Они были уже у экскаватора и, после взаимных представлений, неприятно поколебавших в писателе веру в его способности определять людей с первого взгляда, двинулись вдоль канала.
Осмотр места длился недолго. Все, кроме итальянца и иностранного писателя, знали это место наизусть. Итальянец с многозначительным видом растирал в пальцах серозём, пробовал на язык, достал из кармана какой-то флакончик (вероятнее всего с одеколоном) и, покапав на ладонь, размазал на ней щепотку могильного пепла. Получилась обычная грязь. Итальянец опрятно вытер руки шёлковым платочком, посмотрел вверх, на гору, потом вниз, на вырытый канал, и сказал через переводчика, что всё для него ясно и задерживаться здесь не имеет смысла.

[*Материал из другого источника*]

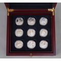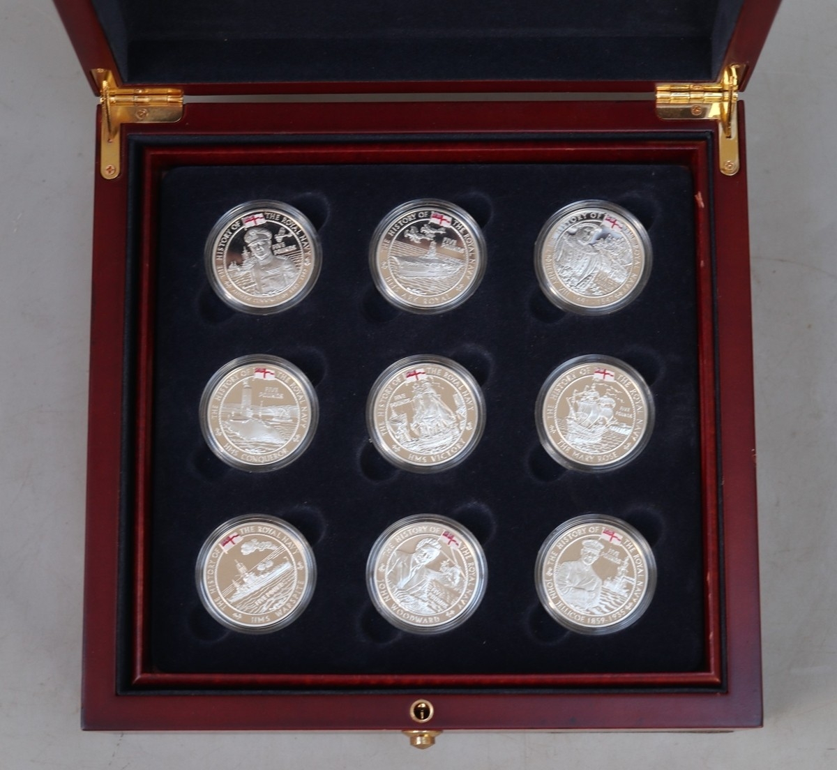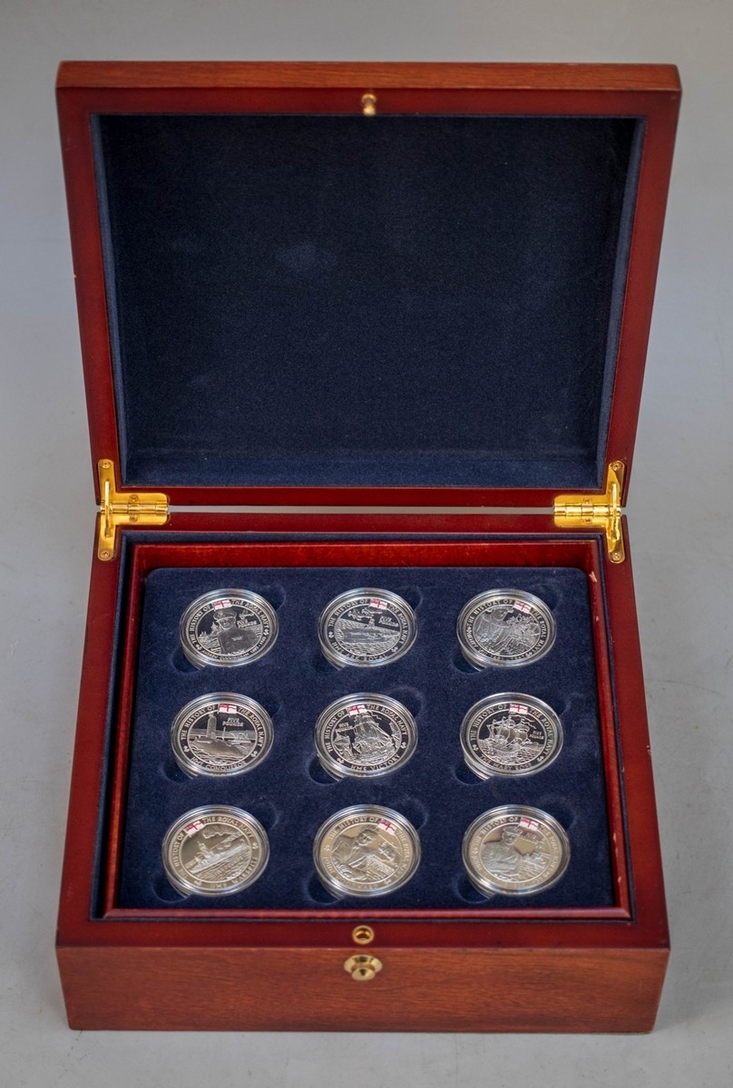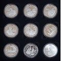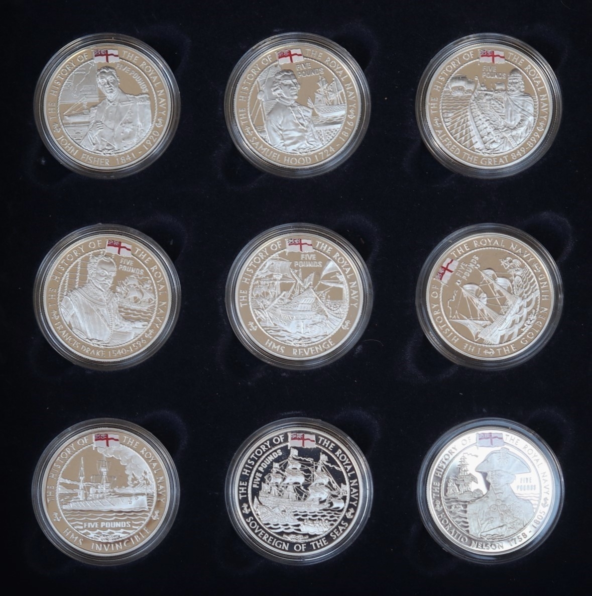 A collection of 18 Silver proof The History of the British Navy, Channel Islands £5 commemorative coins, presented in a fitted display case comprising 2 trays of 9 coins each - Approx 507g

Все полезли обратно на дамбу и спустились вниз.
В полотняной палатке, разбитой шагах в пятистах, два мрачных раскулаченных осетина подали мороженое на настоящих десертных тарелках с лозунгом: «Общественное питание – путь к новому быту». Подкачали только ложки – большие и бесстыдно жестяные.
Морозов с самодовольным видом человека, утеревшего нос всем заграницам, подвинул тарелку иностранному писателю.
Итальянец достал из кармана футляр со складной серебряной вилкой, ножом и ложкой и в сосредоточенном молчании съел две порции, свою и Уртабаева. Затем, спрятав футляр в карман, вынул другой футляр, достал сигару и, помяв её в пальцах, с таким же внимательным выражением, с каким минуту тому назад мял зловредный могильный пепел, воткнул её тупым концом в рот. Переводчик почтительно щёлкнул зажигалкой. Мрачные осетины угрюмо убирали посуду.
Подождав ещё минуту, Морозов открыл обмен мнений, учтиво предоставляя первое слово итальянцу.
– Синьор Кавальканти говорит, – напевно изложил переводчик, – что пускать воду по такому грунту нельзя. Единственный выход, который он может предложить, это бетонировать всё русло канала на опасном отрезке. Толстые бетонные берега предохранят, с одной стороны, от возможного размыва, с другой, укрепят подошву горы и предотвратят её оползание.
Морозов быстро прикинул в уме: два километра, две тысячи тонн бетона, шестьсот тысяч рублей, шесть месяцев работы…
– Синьор Кавальканти считает, что это единственно реальный выход.
Категорический синьор сидел с равнодушным лицом хирурга, поставившего безапелляционный диагноз и согласного ждать ровно пять минут: решится пациент на операцию или не решится.
В палатке стояла тишина. Иностранный писатель, хлопая веками, переводил глаза то на Морозова, то на Кирша, пытаясь угадать по выражению их лиц, хорошо ли то, что предлагает итальянец, или, плохо. Но лица Морозова и Кирша не выражали ровно ничего.